This week’s “Daily Journal” guest columnist is Dr. Michael Sanera, John Locke Foundation Director of Research and Local Government Studies.
RALEIGH — Cary is the latest in a long list of North Carolina cities to harm taxpayers and electric ratepayers by jumping on the solar bandwagon. Cary Town Council approved a solar project that is outlined in this News & Observer report. The private firm, Asheville-based FLS Energy, is installing solar panels on city-owned property. Cary gets rent, and FLS Energy gets taxpayer and electricity ratepayer subsidies.
Unfortunately, the N&O ignores all of the important issues. Here are just some of the facts missed by the newspaper’s coverage.
The reason that solar is so popular in North Carolina, a state that gets only a middling amount of sunshine (see the National Renewable Energy Laboratory solar maps here), is that the legislature passed Senate Bill 3 back in 2007. S.B. 3 requires that power companies generate 12.5 percent of their electricity from renewable sources, including solar, by 2021, with electricity ratepayers paying for much of the cost of this expensive power.
At the time, the legislature was not concerned with the cost, only responding to the pressure from environmental groups and the good press “renewable energy” programs produce. Fortunately, the Beacon Hill Institute in Boston was concerned with the cost and conducted this economic analysis of S.B. 3 at the John Locke Foundation’s request. It shows that S.B. 3 destroys 3,600 jobs, reduces disposable personal income by nearly $59 million, cuts the state’s gross domestic product by $140 million, and slashes state and local revenues by $43.5 million by 2021.
Getting taxpayers and electricity ratepayers to pay your electric bill
This September 2010 N&O report about the Holly Springs furniture company OFM shows why solar is so popular and why it is such a bad deal for taxpayers and ratepayers.

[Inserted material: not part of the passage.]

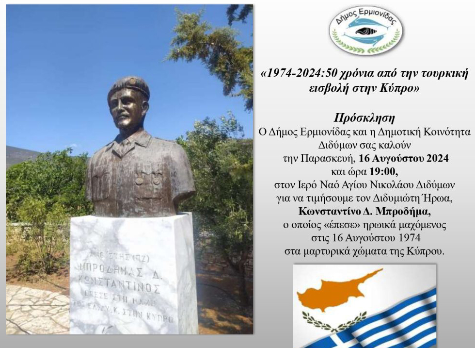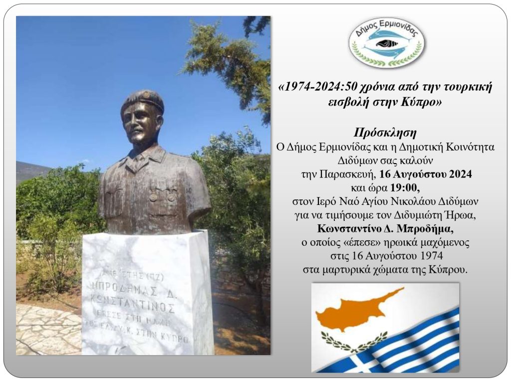 Εκδήλωση Τιμής & Μνήμης για τον Διδυμιώτη Ήρωα της ΕΛ.ΔΥ.Κ. Κωνσταντίνο Δ. Μπροδήμα 16/08/202416/08/2024 - by ΕΔΩ ΠΕΛΟΠΟΝΝΗΣΟΣ - Αφήστε ένα σχόλιο Εκδήλωση από τον Δήμο Ερμιονίδας και την Κοινότητα Διδύμων σήμερα Παρασκευή 16 Αυγούστου

According to the numbers in the story, we can make a rough calculation of who pays and who benefits. First, OFM gets the taxpayers to pay for half of the cost of the solar equipment. (Half of $1.4 million is $700,000.) Then OFM receives taxpayer-paid tax breaks worth $170,000. Then Progress Energy ratepayers pay OFM 18 cents per kilowatt-hour for electricity produced by the solar panels, and OFM buys power from Progress Energy for 6 cents per kilowatt-hour to run its facility for a net profit of 12 cents per kilowatt-hour. Over 20 years, this is a $1.2 million “profit” from Progress Energy inflicted on ratepayers by the legislature when it passed S.B. 3.
We must remember that OFM must pay for one-half of the cost of the solar panels, but subtracting the $700,000 cost from the total subsidies above ($2.070 million), OFM gets a cool “profit” after that expense of $1.37 million to its bottom line courtesy of taxpayers and Progress Energy ratepayers.
And that is not all. OFM and other businesses that participate in this fleecing of taxpayers and ratepayers get glowing media reports like this Aug. 2 report in dBusinessNews.com.
OFM Celebrates One-Year Anniversary of Solar Farm With Plans to Expand
Holly Springs, N.C. — This month office and school furniture manufacturer, distributor, and wholesaler OFM is celebrating the one-year anniversary of the 250-kilowatt solar farm it installed on the rooftop of its headquarters in Holly Springs, N.C., last August. The company has since been producing more energy than it uses. …
Abel Zalcberg, owner of OFM, recommends solar projects to other businesses. “If they really knew about tax credits and depreciation, if they could subsidize it, the return is tremendous.” After all, he sates: “It’s paying for itself. Nothing really comes out of pocket.”
Apparently, he is only concerned about his company’s bottom line, not the thousands of unemployed and working poor in North Carolina who are paying higher electric bills and higher taxes to enrich his company’s bottom line.
Finally, we should learn from the solar experience in Germany, a country that has used a similar solar subsidy system for a longer period of time. Ken Green, an environmental scientist at the American Enterprise Institute, reports here on a German university study that concludes:
Policy makers should thus scrutinize Germany’s experience, including in the United States, where there are currently nearly 400 federal and state programs in place that provide financial incentives for renewable energy. (Emphasis added.)
Although Germany’s promotion of renewable energies is commonly portrayed in the media as setting a “shining example in providing a harvest for the world” (The Guardian, 2007), we should instead regard the country’s experience as a cautionary tale of massively expensive environmental and energy policy that is devoid of economic and environmental benefits. (Emphasis added.)
Green notes: “Germany is finding it hard to continue subsidizing wind and solar power at existing levels. In May, the German parliament cut back the subsidy for domestic rooftop solar photovoltaic systems by 16 percent, with free-standing systems cut by 15 percent.”
Given this evidence from Germany, the legislature should consider repealing S.B. 3, especially given the state’s budgetary problems and the slow job growth. Conducting a “massively expensive” solar program “devoid of economic and environmental benefits” at this critical time for the economy is no way to get North Carolina moving again.